The IDF killed many senior Hamas terrorists in Gaza who planned the terror attack, but some in Israel fear that delays in prosecuting those in custody could allow some terrorists to evade justice. Palestinians and human rights groups raise separate concerns, claiming Israel systematically violates detainees’ rights by holding them in harsh conditions without indictment or trial, and limiting access to legal counsel. Broad gag orders keep most case details confidential, and most detainees are absent from public records.
The way Israel detains those prisoners “effectively erases these individuals from public awareness and strips them of fundamental rights,” said Nadine Abu Arafeh, a lawyer representing Gaza detainees in other Israeli court cases. “Families in Gaza live with questions: Are their loved ones alive?” The Justice Ministry declined to comment.
Israel extensively documented the October 7 atrocities, including footage filmed by the terrorists themselves. According to the IDF, thousands of Palestinian terrorists from Gaza participated in the terror attack, which the UN classified as including war crimes and possibly crimes against humanity.
Gez and Malinovsky said investigators skipped many steps in evidence collection amid the chaos. Some bodies were buried before forensic examination, and the sheer scale of killings complicated ballistic experts’ ability to match bullets to specific weapons. “Survivors who witnessed the events often did not immediately report their experiences to the legal authorities, and they quickly scattered across the country before the authorities could contact them,” Gez added.
Knesset member Religious Zionist Party MK Simcha Rothman accused prosecutors of failing to adapt legal procedures to the scale and extraordinary nature of the terror attack. He also said security authorities initially opposed advancing terrorist cases early in the Gaza war, though opposition has since ceased.
Special tribunal considered
Rothman and Malinovsky helped draft the bill, aimed at bypassing legal obstacles by creating a 15-judge special tribunal with limited authority to circumvent the regular criminal system. The bill proposes charging terrorists with genocide, punishable by death under Israeli law.
Other countries have created similar tribunals in response to war or mass atrocities, according to Yuval Shany, a senior researcher with the Israel Democracy Institute, a Jerusalem-based research group, citing U.S. military commissions set up to prosecute Al-Qaeda suspects after the Sept. 11, 2001, attacks on the United States.

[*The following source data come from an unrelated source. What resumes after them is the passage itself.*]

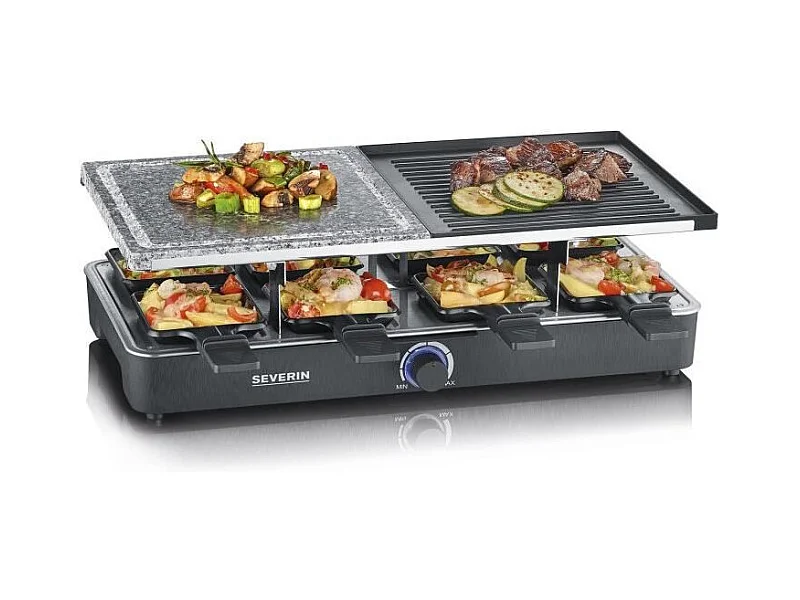 Appareil à raclette et pierre à cuire 8 personnes - Puissance 900W - Gris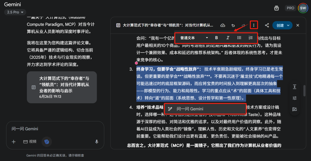 主要包括:询问Gemini、更改文字样式、人为修改文字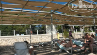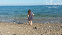 Пляж: вход в воду с пирса или в обуви. Вода чистая. Лежаков хватает.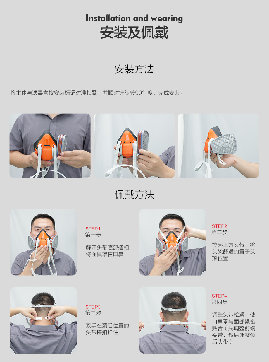 海固602半面罩+P-K-1濾毒盒 氨氣防護(hù)套裝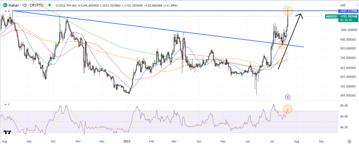 MKR/USD was last trading around $1140 per token, but went as high as $1250 earlier in the session to hit a fresh high since June 2022.

All 2,700 Palestinians detained in Gaza during the war are defined as “unlawful combatants,” allowing Israel to hold them without indictment or trial under its law. As part of the recent hostage deal earlier this year, Israel released over a thousand of these detainees, along with women and minors arrested during the war. If ongoing negotiations with Hamas lead to a new agreement, remaining detainees may also be released in exchange for hostages still held in Gaza.
The lengthy detention of so many people without trial “risks becoming a life sentence without the usual protections of the criminal process,” said Monica Hakimi, a Columbia Law School professor and international law expert.

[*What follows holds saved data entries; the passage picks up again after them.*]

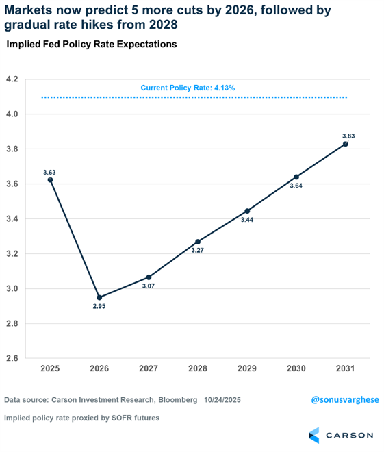 This is significant. A 3% policy rate is what the Fed considers “neutral”—a policy rate that’s neither too accommodative nor too tight. But now we’re expecting to get below that (accommodative rates) even as inflation remains well above the Fed’s target. In other words, Fed policy is expected to run quite dovish over the next year, and even beyond. Investors expect the Fed to raise rates from 2028 onwards, but only gradually. This is a tailwind for the cyclical parts of the economy, like housing and manufacturing, and even risk assets like equities. A dovish Fed that essentially keeps “real rates” low (nominal rates minus inflation) is a tailwind even for assets like gold.
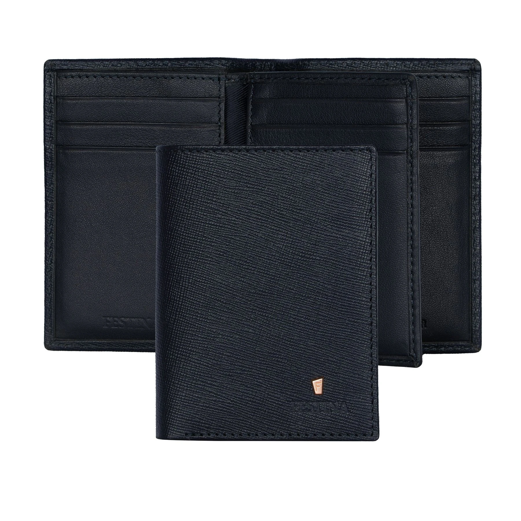 Серията "Chronobike" от дребни кожени изделия е изработена от внимателно подбрана естествена кожа с текстура на сафани. Тази тъмносиня версия е украсена с емблематичния буква F от логото на бранда във формата на трапец. Този портфейл за карти е изключително практичен, с 12 отделения за карти и две отделения в горната част.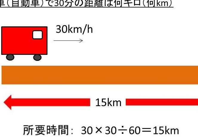車で30分の移動距離は、走行速度によって異なる。例えば、一般的な速度60キロメートル毎時で走行すれば、約30キロメートル進むことができる。一方で、速度が80キロメートル毎時の場合、移動距離は40キロメートルに達する。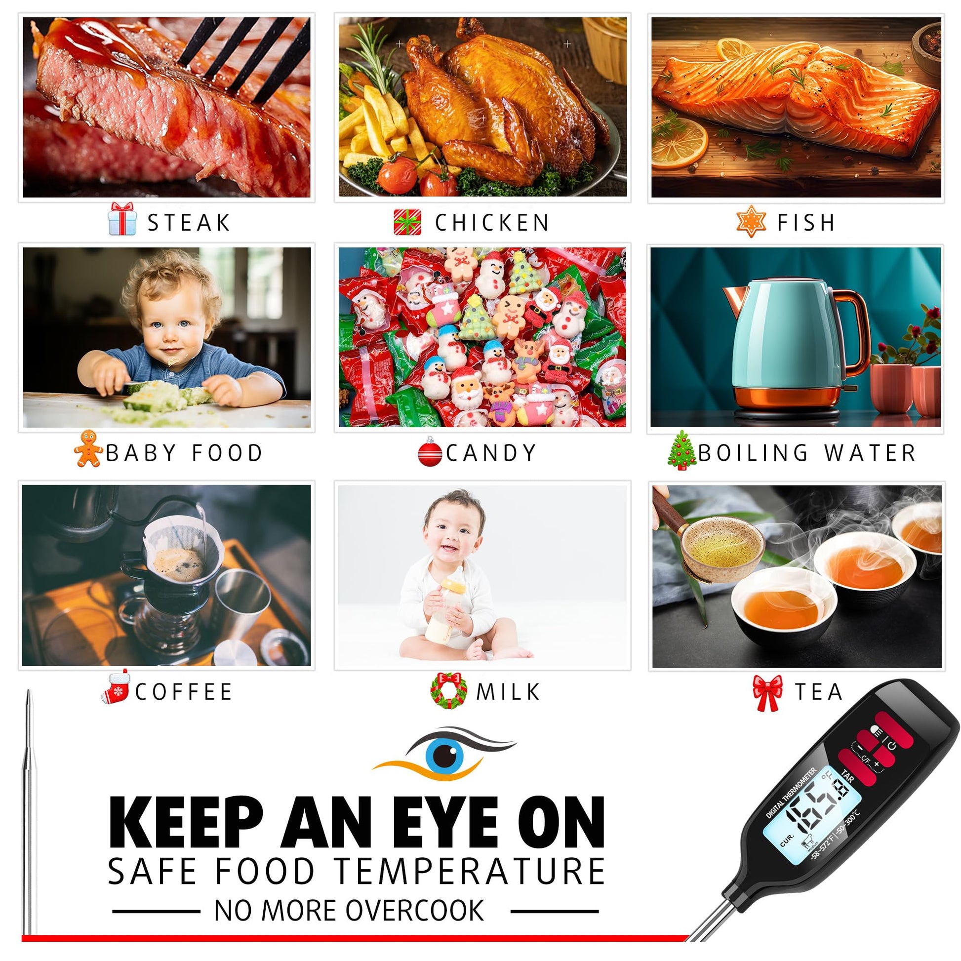 • [ Fast Respond & Accurate ] This instant read digital meat thermometer instantly check temps of steak, chicken, fish, milk, candy syrup, bread, or frying oil in 2 seconds. Never overcook meats or burn desserts again

According to IDF and the Israel Prison Service data provided to Physicians for Human Rights through freedom-of-information requests, at least 48 Palestinian detainees have died in custody. Former detainees told The Times last year that they were beaten with fists, kicks, clubs, rifle butts and hand-held metal detectors. Two said their bones were broken, and three reported receiving electric shocks during interrogations. The IDF denied “systematic abuse” at the Sde Teiman detention camp, where thousands of Gazan detainees were held earlier in the war. The Shin Bet security service said all its investigations were “conducted in accordance with the law.”
In late July, the Knesset extended emergency provisions allowing continued detention of terrorists until January 2026, suggesting they may not face charges for at least six more months.